In another thread we came on the topic what was first: The Bible or the Church.

Here the original Quotes:

// Actually, you’re thoughts here are pretty intersting. I’d like to talk about that a little bit more in depth, Publisher. :slight_smile: //*

in Christ,

Actually, you’re thoughts here are pretty intersting. I’d like to talk about that a little bit more in depth, Publisher. :slight_smile:

Actually, most parts of what we call know Bible, has already been scripture by the First Christians (which you, Catholics, normally refer to as First Catholics).
And the last parts of the Septuagint have been translated around 100 BC from Hebrew (or Aramaic) into Greek.

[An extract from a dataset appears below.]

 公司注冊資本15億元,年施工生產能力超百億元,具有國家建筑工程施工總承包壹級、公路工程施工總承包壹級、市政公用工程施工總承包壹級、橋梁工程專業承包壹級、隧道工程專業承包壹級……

The Eastern Orthodox and Eastern Catholic (I suppose) Churches still use the entire Septuagint as their Old Testament.
The only books, they miss are the Psalms of Solomon and the Odes of Solomon (As I have written in another thread, I bought myself the Septuaginta translated into German. - And there it says about the Odes of Solomon that this could be regarded as the first Prayer or Song Book in Christian History. It contains songs and prayers of important figures in the OT. - Later on also other prayers and songs [One for example of the Blessed Virgin Mary: Luke 1:46-55.68-79]).
Yeah, and the Psalms of Solomon were regarded as pseudoepigraphic by the Council of Rome.

So, to conclude, the “Bible” was 100 to 200 years before the Church.
As (until the Council of Rome) the what we call NT now was: “It is at this point that the various writings became “The Bible,” that is a collection of works which are known to be absolutely undeniable true, worth of study, etc etc. Until then the writings of, say, Paul were only known to be important thoughts of an important and intelligent person (much like some of the papers released by the various Vatican departments today).”

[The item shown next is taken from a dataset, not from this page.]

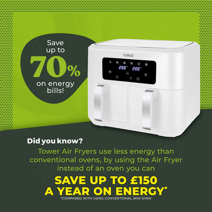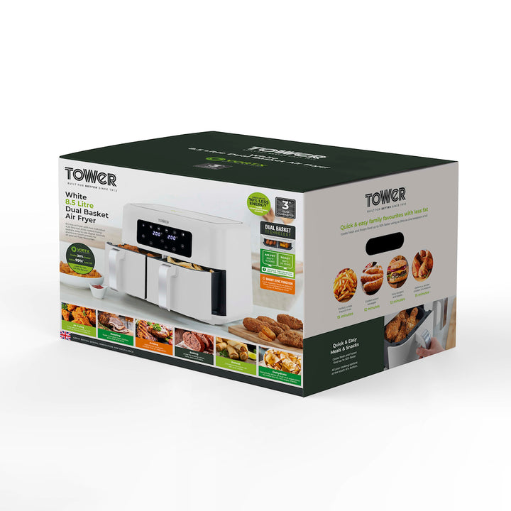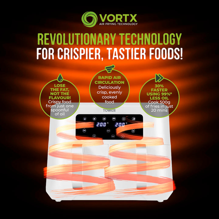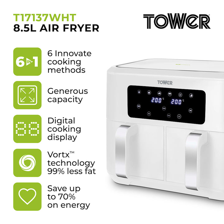 Tower T17137WHT Vortx 8.5L Dual Basket Air Fryer Digital - White

I’d recommend “This Hebrew Lord” and “Rescuing the Bible From Fundamentalists” for an overview…these two books are by John Spong…not a well liked figure on this board…but I enjoy his writings and insight greatly.

Bruce Fieler’s book “Abraham” touches on the “multiple composite” of Abraham…also discusses the prominence the three faith traditions that call Abraham their “spiritual father.”

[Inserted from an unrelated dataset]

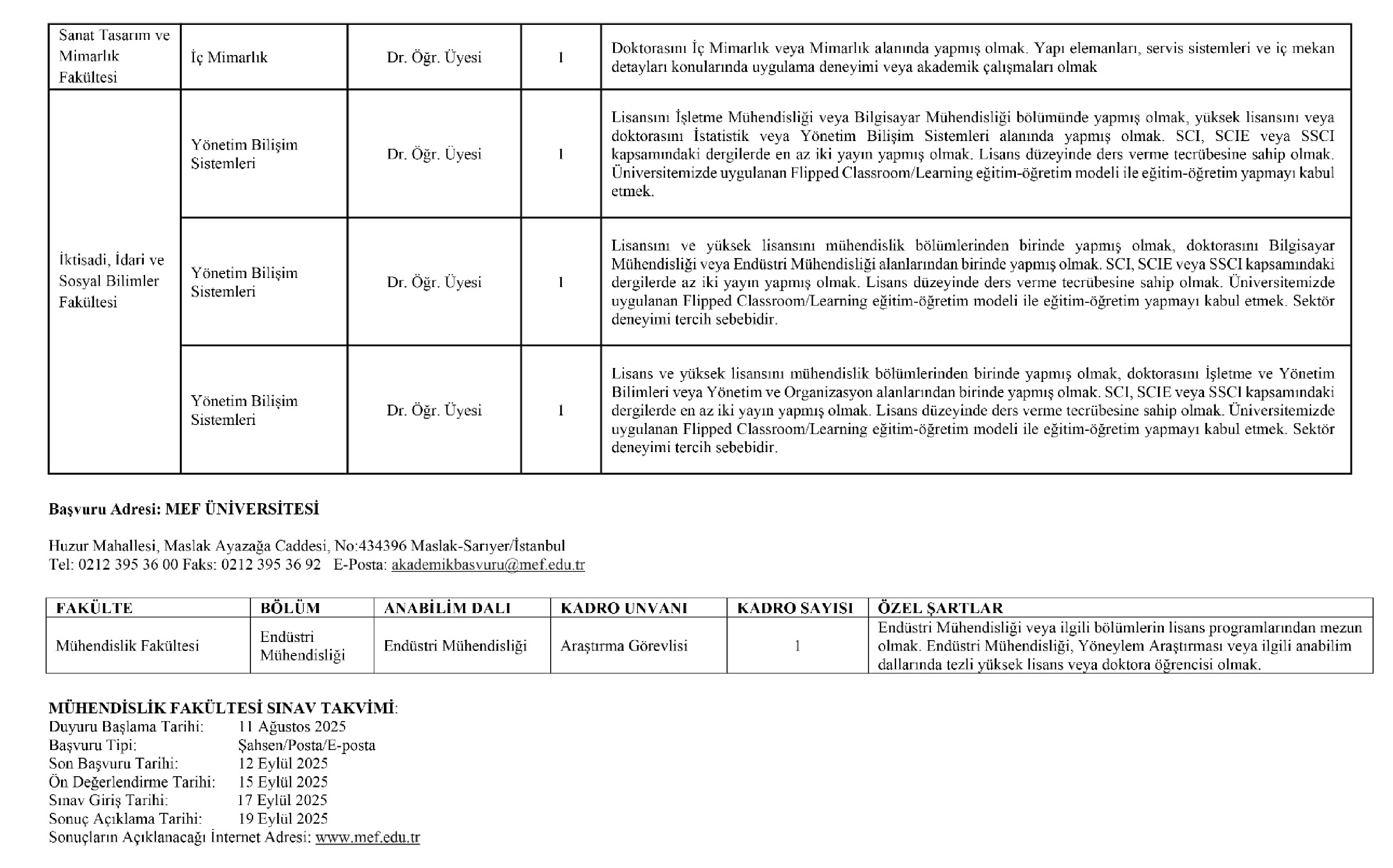 MEF Üniversitesi Öğretim Üyesi ve Elemanı Alım İlanı. Son başvuru tarihi 25 ağustos 2025

Throughout the NT…OT figures are “reworked” to be used as characters in the new story of Jesus. The story of Israel was “continued” in Jesus of Nazareth…Israel’s “story” was now told as “midrash” with “Christian characters”…

I would recommend

Paul M. Blowers, The Bible in Greek Christian Antiquity (Notre Dame: University of Notre Dame Press, 1997).

Harry Y. Gamble, Books and Readers in the Early Church: A History of Early Christian Texts (New Haven: Yale, 1995). A superb and original study of how early books were made, collected, and used.

Christine Helmer and Christof Landmesser, eds., One Scripture or Many?: Canon from Biblical, Theological, and Philosophical Perspectives (New York: Oxford University Press, 2004).

Larry W. Hurtado, The Earliest Christian Artifacts: Manuscripts and Christian Origins (Grand Rapids, MI: Wm. B. Eerdmans, 2006).

James L. Kugel & Rowan A. Greer, Early Biblical Interpretation, Library of Early Christianity 3 (Philadelphia: Westminster, 1986).

Joseph T. Lienhard, The Bible, the Church, and Authority: the Canon of the Christian Bible in History and Theology (Collegeville, MN: Liturgical Press, 1995).

Bruce Metzger, The Canon of the New Testament: Its Origin, Development, and Significance (New York: Clarendon / Oxford University Press, 1987).

Bruce Metzger, The Early Versions of the New Testament: Their Origins, Transmission, and Limitations (Oxford: Clarendon Press, 1977).

These are by both Catholic and Protestants
These references are taken from William Harmless bibliography website if you are interested

Another book that touches upon the subject is “The Unauthorized Version, Truth and Fiction in the Bible” by Robin Lane Fox. Great history of how the Bible was formed and what role the “redactors” in the 5th century BCE played in organizing the books of our modern “Old Testament” and how the writings of the NT were compiled and for what reasons.

As I recall, many of the books that we refer to as the Old Testament were being used as Scripture. Many of the books of what we now call the the New Testament were also, shortly after they were written.

That is, various groups were teaching from various writings, some said certain ones were scripture, some said certain ones weren’t. The question wasn’t settled until the council of something or the other. (Carthage, I think was the final one that accepted new books as cannon, but I don’t recall.)

Until the council they were not formally known to be true in an infallible way. It was, in fact, the problems within the Church at the time that caused the council to be caused. (I think Gnosticism at the time.)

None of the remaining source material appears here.